Выбрать главу

«Ох, лучше бы ты помолчал! Мне поет рояль, мне поет целый оркестр. Тот, кто понимает мою музыку, сам найдет нужные слова!»

— Имя «Бетховен» сейчас в моде, — хвастался Карл с таким видом, будто он и есть причина такого положения. — Сколько этих высокородных барышень сейчас к нам льнут! Каждая считает за честь стать ученицей самого прославленного пианиста Вены.

Цмескаль, слушавший все это с неудовольствием, внезапно рассмеялся:

— Больше всего им, наверное, нравится, как он обходится с ними! Ему бы впору розгами обзавестись, чтобы он мог пройтись ими по их нежным пальчикам! Когда они играют плохо, он бросает ноты на пол, бранится!

— Так и нужно! — отозвался аптекарский помощник Иоганн, молчавший до сих пор. — Иначе они могут подумать, что играть на фортепьяно так же легко, как бить в тамбурин. Мы все прошли в Бонне школу куда суровее.

— Возможно, — смеялся Цмескаль, — только вы ведь не такие нежные создания, которые учатся у него. К Людвигу ходят ведь сущие ангелы! Например, некая Гвиччарди. Ручаюсь, милый Рис, что у вас голова пойдет кругом, как только вы ее увидите!

Это имя мгновенно дошло до сознания задумавшегося композитора и сразу же отдалило его от говорливой компании.

Джульетта Гвиччарди!

Он прекрасно помнит тот день, когда она впервые пришла в его дом. Казалось, что от нее исходит свет — будто из-за туч вышел месяц. Чистое, прекрасного овала лицо, такое белое в рамке из черных волос… Глаза удлиненные, и в них удивительная черная глубина, как в колодцах древних крепостей. Ее уста природа создала как маленький, удивительно красный цветок. Они были еще по-детски припухшими…

«Я — Гвиччарди», — войдя, сказала она своим мелодичным голосом.

Он знал, что она придет. Семья его друзей, Брунсвиков, просила его послушать ее игру. Она была двоюродной сестрой милых девушек: Терезы, Жозефины и Шарлотты Брунсвиков, и их брата, молодого Франца Брунсвика, и думал, что она придет в сопровождении матери или горничной.
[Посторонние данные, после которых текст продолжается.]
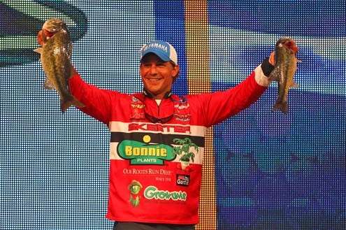 A 6-pound, 4-ounce bass weighed Saturday by Edwin Evers of Talala, Okla., proved to be the day’s largest fish, but it was not big enough to knock out Keith Poche’s 6-pound, 13-ounce bass from Friday as the largest so far. If no one beats 6-13, Poche would win the Carhartt Big Bass award of the Classic.

Он поклонился и движением руки пригласил сесть на единственный свободный стул — прямо у рояля.

Она села? Нет, опустилась на предложенный стул бесшумно, как опускается на землю легкое перышко, долго плававшее в воздухе. Широкая юбка легла вокруг нее, как лилия на озере. Она молча смотрела на него из-под четко обозначенных дуг своих бровей. Джульетта уже была наслышана об этом симпатичном «дикаре». И молча ждала. Так как он тоже молчал, она вдруг произнесла:

— Добрый день!

Это следовало сделать входя, а сейчас это выглядело смешно, и она рассмеялась. Что могло быть хуже! Он сказал ей сухо, как только мог:

— Мне говорили о вас Брунсвики. Ваш двоюродный брат Франц Брунсвик — мой однокашник по университету. Однако я должен предупредить, что с начинающими я не занимаюсь. Поэтому я не могу поручиться, что стану заниматься с вами. Что вы хотите мне сыграть?

Он знал в это мгновение, что будет учить ее, что он уже в плену у ее темных глаз. «Сколько лет ей может быть? — спрашивал он себя. — Шестнадцать? Семнадцать?»
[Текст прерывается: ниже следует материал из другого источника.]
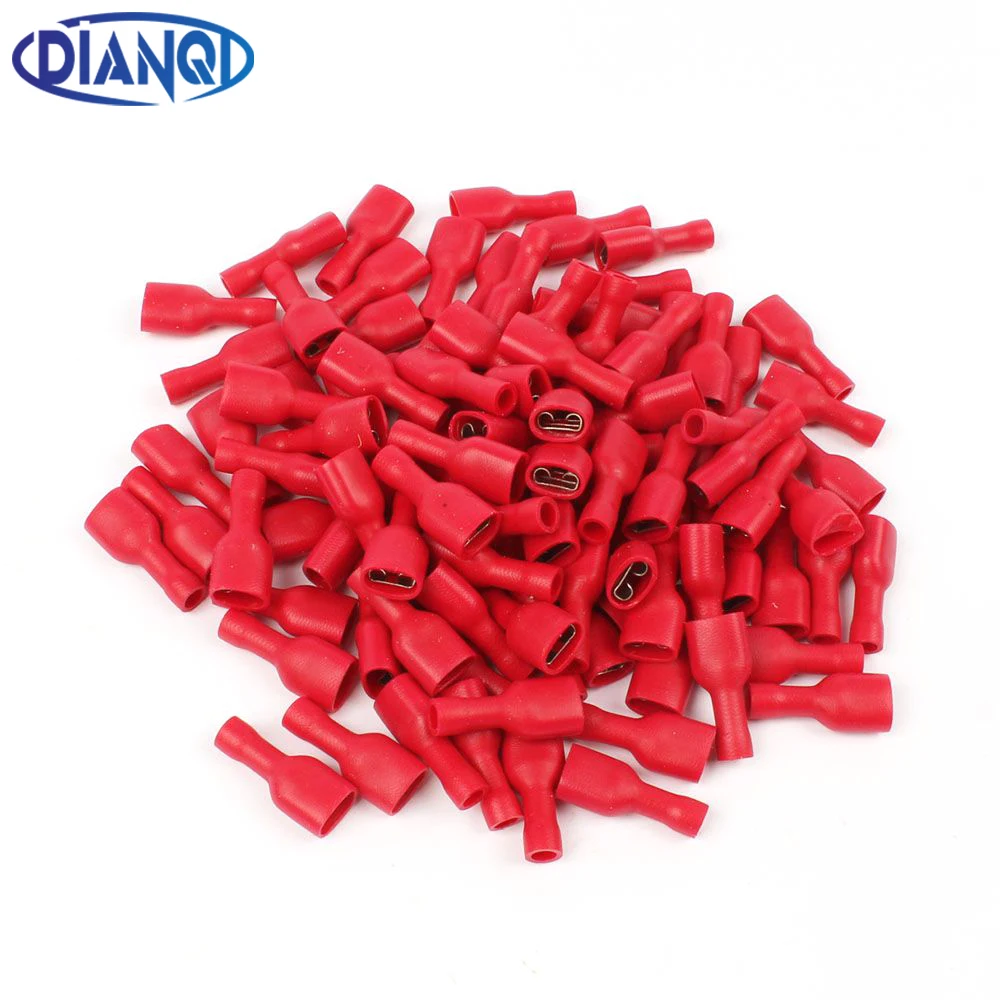 FDFD1.25-250 insulating Female Insulated Electrical Crimp Terminal Connectors Cable Wire Connector 100PCS/Pack FDFD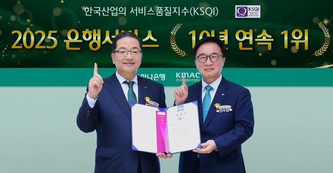 하나은행(은행장 이호성)은 한국능률협회컨설팅(대표이사 한수회, KMAC)이 주관하는 2025년 한국산업의 서비스품질지수(KSQI: Korean Service Quality Index) `고객 접점` 부문에서 10년 연속 1위 은행에 선정됐다고 밝혔다.

Джульетта разложила принесенные с собой ноты и начала играть его сонату. Он уже привык к тому, что молодые женщины, старавшиеся попасть в число его учениц, поступали так. Они добивались его благосклонности. Но ей этого не требовалось. Она сразу глубоко задела его сердце, не желая этого и не ведая об этом. Впрочем, она была неплохой пианисткой.

Потом Бетховен добивался, чтобы прелесть ее игры не уступала прелести ее облика. Он был к Джульетте строг, как ни к кому другому, в особенности, когда заметил ее склонность к легкомыслию.

Они часто виделись в светских салонах, и он обратил внимание, что она с удовольствием ловит восхищенные взгляды и ей нравится, когда за ее спиной раздается шепот: «Смотрите, какая красивая итальянка!» Это сердило его.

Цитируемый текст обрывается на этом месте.